Trying to estimate whether I'm old enough that when I buy the last car of my life, there will still be ones without screens to choose from.
May I present Coretti Cruisers restomods. Prime example: https://x.com/washghost1/status/1994198208545714472
Cost roughly $150K
To be fair, I have a 2014 Jeep Grand Cherokee. It was the first year of their then new model rollout for the GC. It was (as I understand it) the last of the Mercedes JGCs.
I love this thing, it's a "cold dead hands" kind of car for me. Only has 120k-ish miles on it.
I won't say it's my last car ever, I just have a hard time visualizing swapping it out for anything.

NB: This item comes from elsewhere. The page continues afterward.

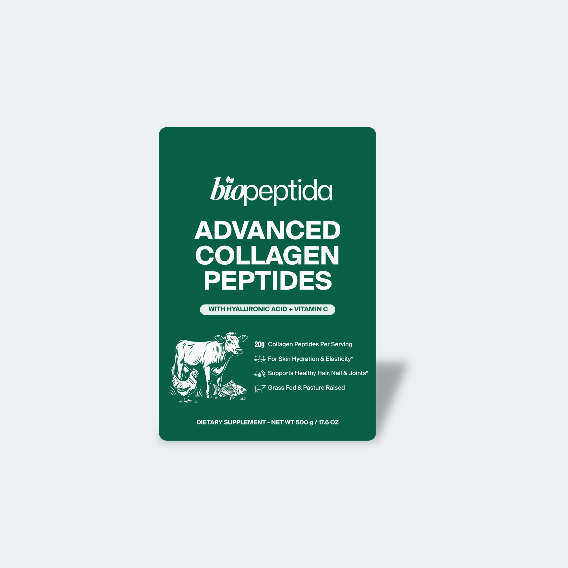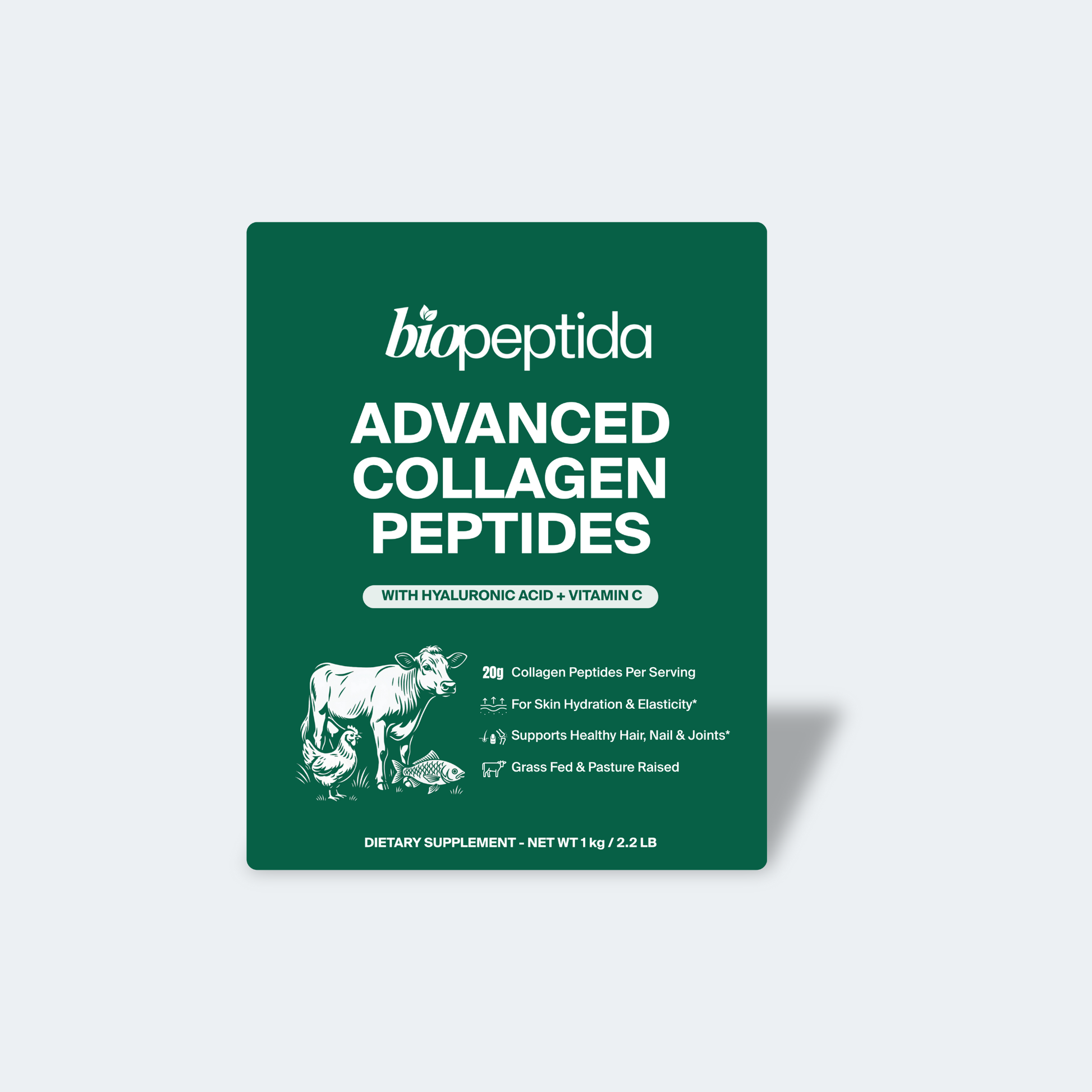 Bio Peptida’s Advanced Collagen Peptides combine five scientifically studied collagen types — I, II, III, V & X — to deliver complete support for your skin, joints, hair, nails, and muscles. Powered by bioactive ingredients like Hyaluronic Acid, Vitamin C, and Biotin, this formula works from within to restore, strengthen, and rejuvenate.

It starts, all the buttons work, it's cosmetically 95%. The single biggest issue is that last year it was down for a couple of months simply because of parts availability. It's not unreliable, but it's swapped a few things (water pump, radiator, A/C has had work twice, guess it's a bit notorious in the community). Purchased in 2013, it's a 12 year old car.
But waiting months for suspension components (air suspension, which I adore) was a real drag. Even with a dealer supplied rental.
That would be the thing that sends me over the edge long term, I think.
It'll be a shame when it happens, I love the car.
The dealer wants to buy it every time I take it in for routine maintenance.
What if, instead of just attempting to retreat into a shrinking world that will eventually disappear, we all collectively worked together to fix things?
People drive 70 year old cars today. Just buy a sensible car from sometime before the 2020s, keep up with it and put on 400k miles on it.
My 2016 Corolla seems to be the last year without a SIM (it does have a screen but whatever it just shows me what's playing on the stereo), but despite a Corolla being bulletproof and me rarely driving anymore, i do still wonder whether i can get away with this car forever or if I'll have to buy some spyware carriage someday
black construction paper?
All new cars have screens since reverse cameras are mandatory. You’ll have to shop on the used car market.